Lowry's journey in "Brazil", as rough and tumble as it is, doesn't compare with the hoops of fire Gilliam sailed through to get his film released in America. His legendary battle with Universal king Sid Sheinberg went public when Gilliam began using dirty tricks (full page ad in Variety, secret and illegal screenings, showing a picture of Sheinberg on GOOD MORNING AMERICA and more!). So big was this David and Goliath story that there's even a book about it (THE BATTLE OF BRAZIL). Because of this cage match, there are now multiple versions of Brazil. The original 142 minute cut was released by Fox to the rest of the world, who apparently were okay with Gilliam's cut. The U.S. version ran 131 minutes (this is the one we watched). The "Love Conquers All" version, that Sheinberg had recut for dumb America, runs 94 minutes, and eventually became the one used when run on TV in syndication. And it's no secret that the making of BRAZIL parallels the movie's theme - an individual battling the "evil" government (Universal).


So what exactly does "Brazil" have to do with any of this? Nothing, really, other than it represents an escape, a Shangri-La in your head that you can go to when you're stuck somewhere, like a dead-end job. Brazil is Next-Stop-Willoughby.

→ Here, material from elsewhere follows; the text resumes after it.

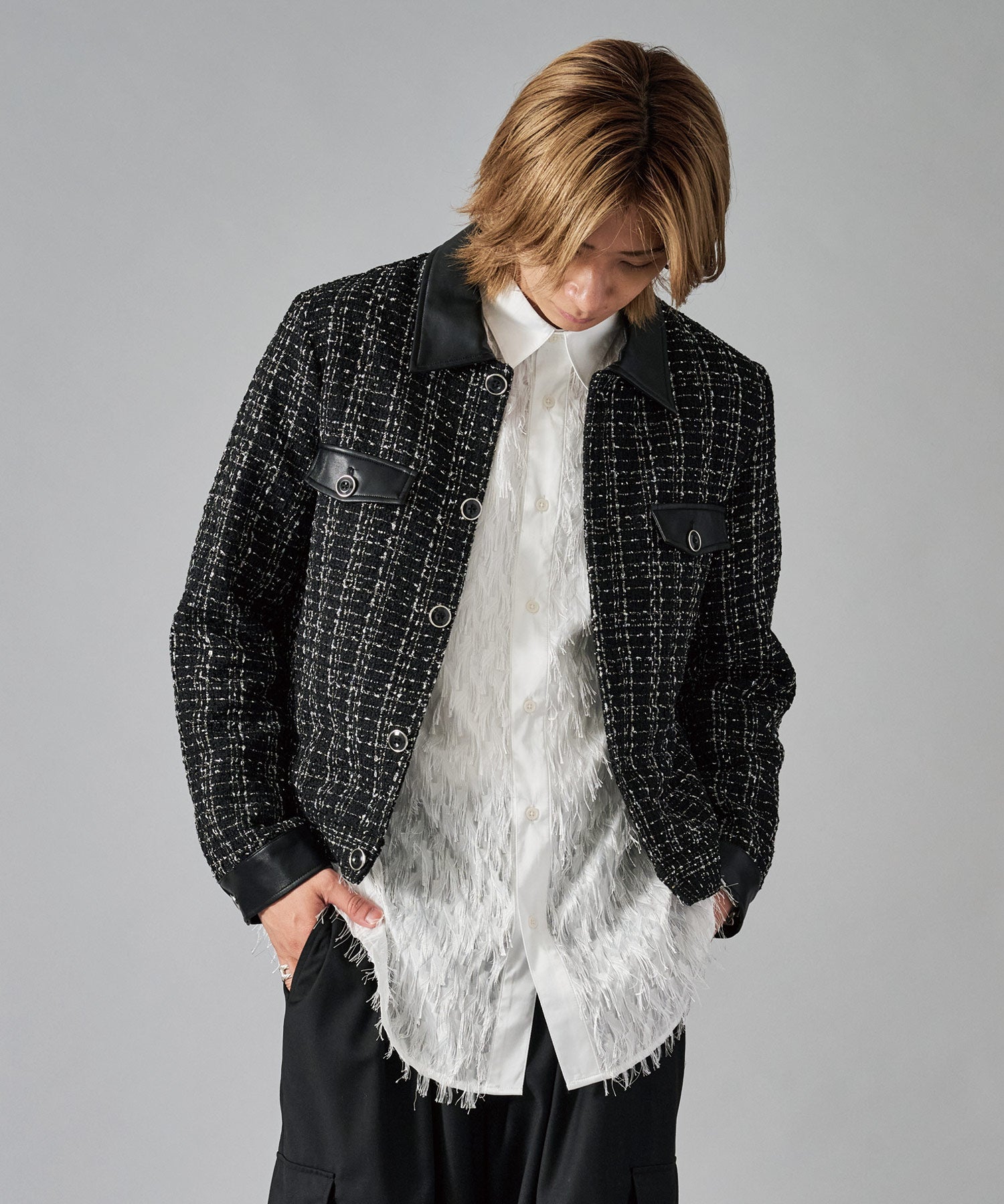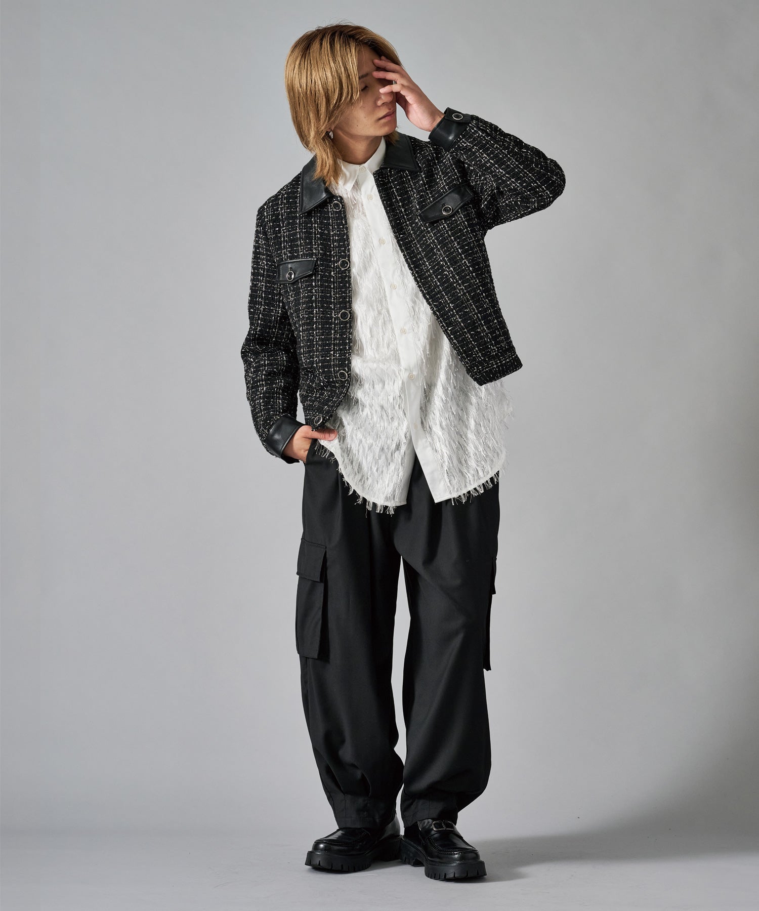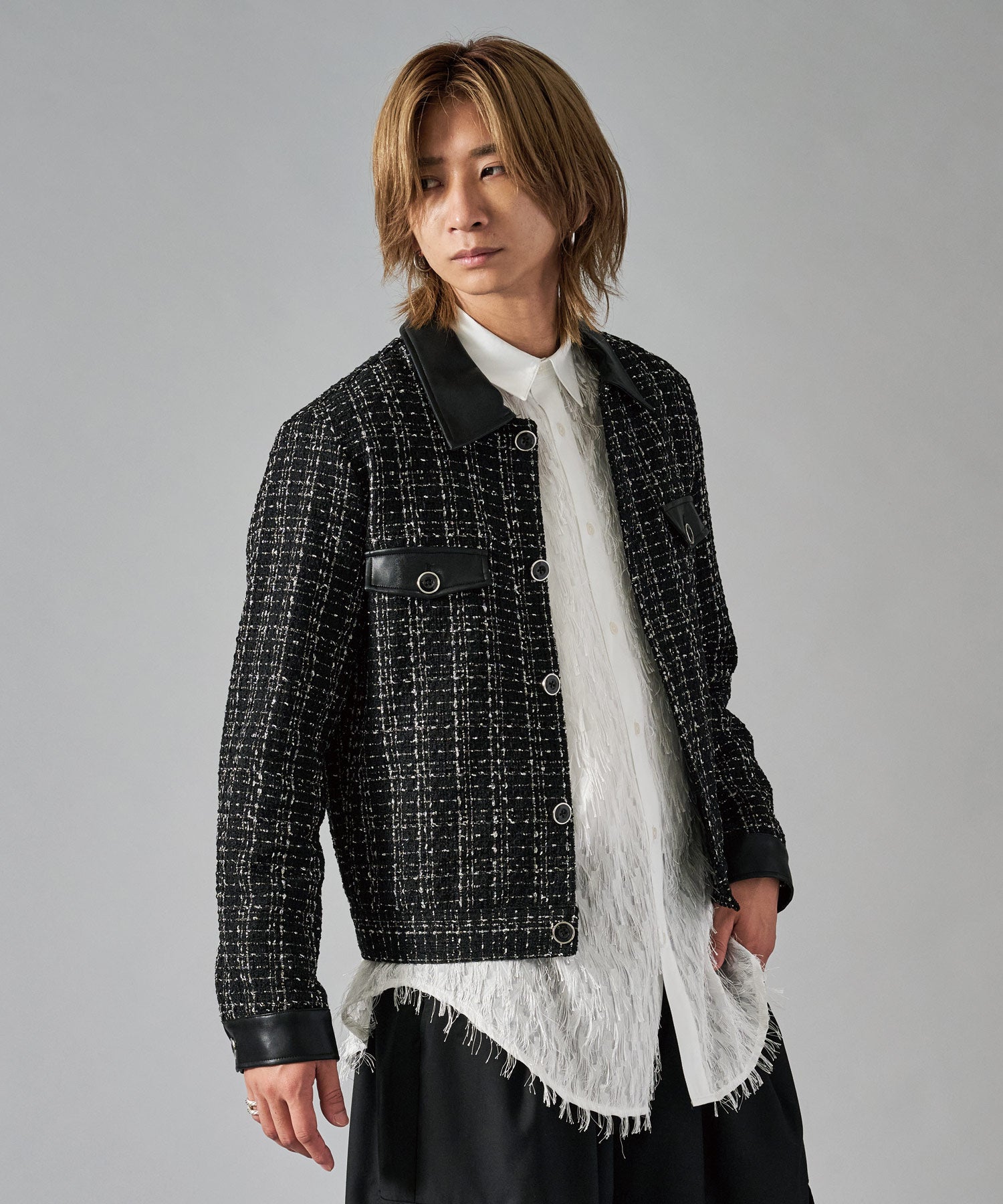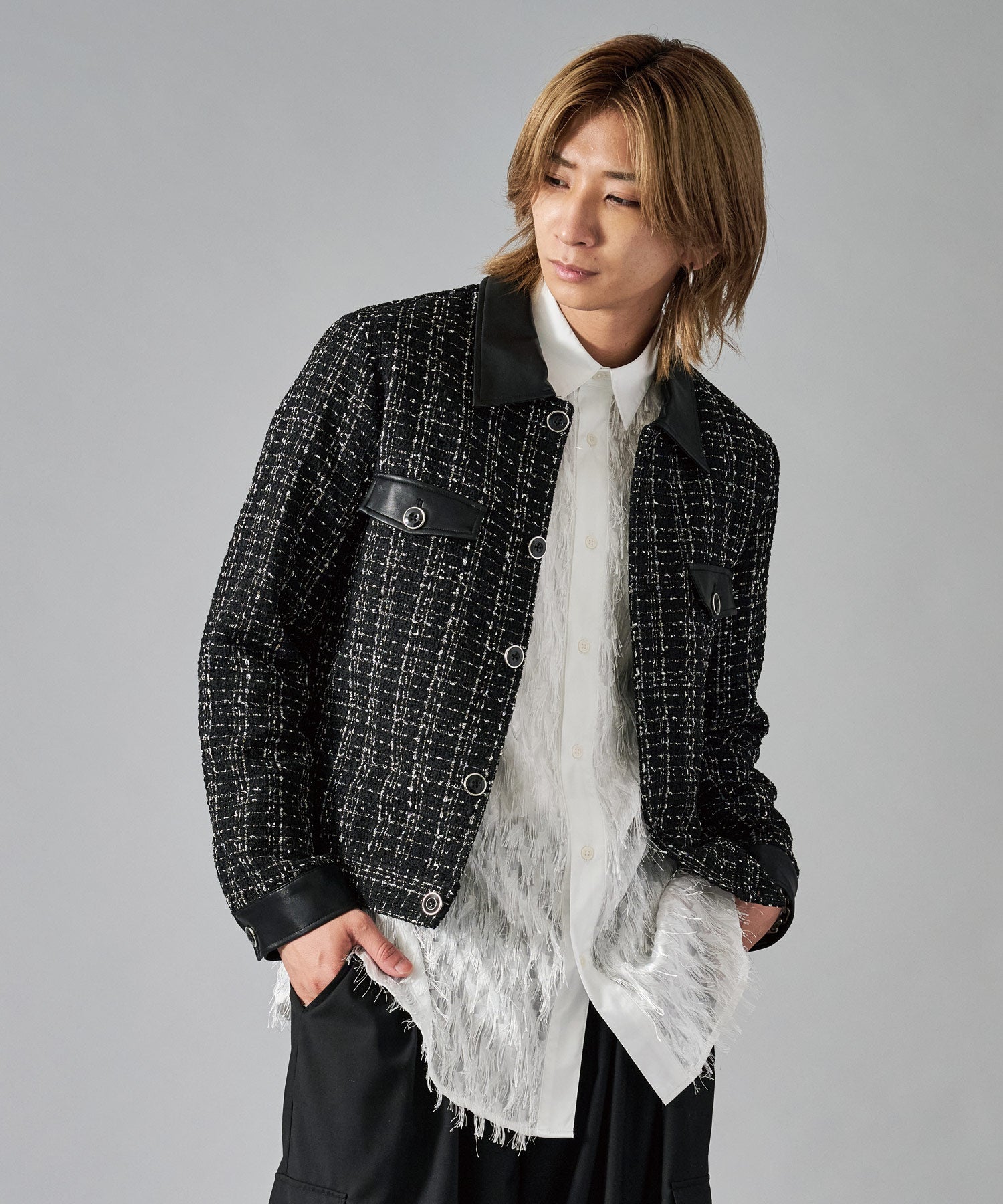 フロントが釦のGジャン風のデザインで、襟、カフス、胸フラップのフェイクレザーがアクセントになっています

Trillions of people love BRAZIL, but perhaps no one more than director/co-writer (with Tom Stoppard and Charles McKeown)/ex-Python Terry Gilliam. And why shouldn't he? It's really his baby (it actually took him nine months to shoot). But the ugliest babies are beautiful babies to their parents, so it makes sense. I say this because I just watched his overly chatty yet very informative commentary. Here's a drinking game; every time he starts a sentence with "I love..." (as in "I love how...," "I love this..., "I love that he..." referring to his movie), take a drink. But beware, for even playing this game with water can kill you.


I myself felt like BRAZIL is what happens when a teenager has a lot of money. Sure, he comes up with pockets of brilliance, but there were too many misses and "okay, we get it" moments. I was much more awestruck by Jacques Tati's PLAYTIME, which put the same sort of character in a world that befuddles him. That said, BRAZIL has undeniably made its mark on cinema history. It has inspired. It has been studied. It's been referenced endlessly in everything from folk songs to THE SIMPSONS. It's on lots of top 10 and Top 100 lists. Sure. But that doesn't mean I have to love it.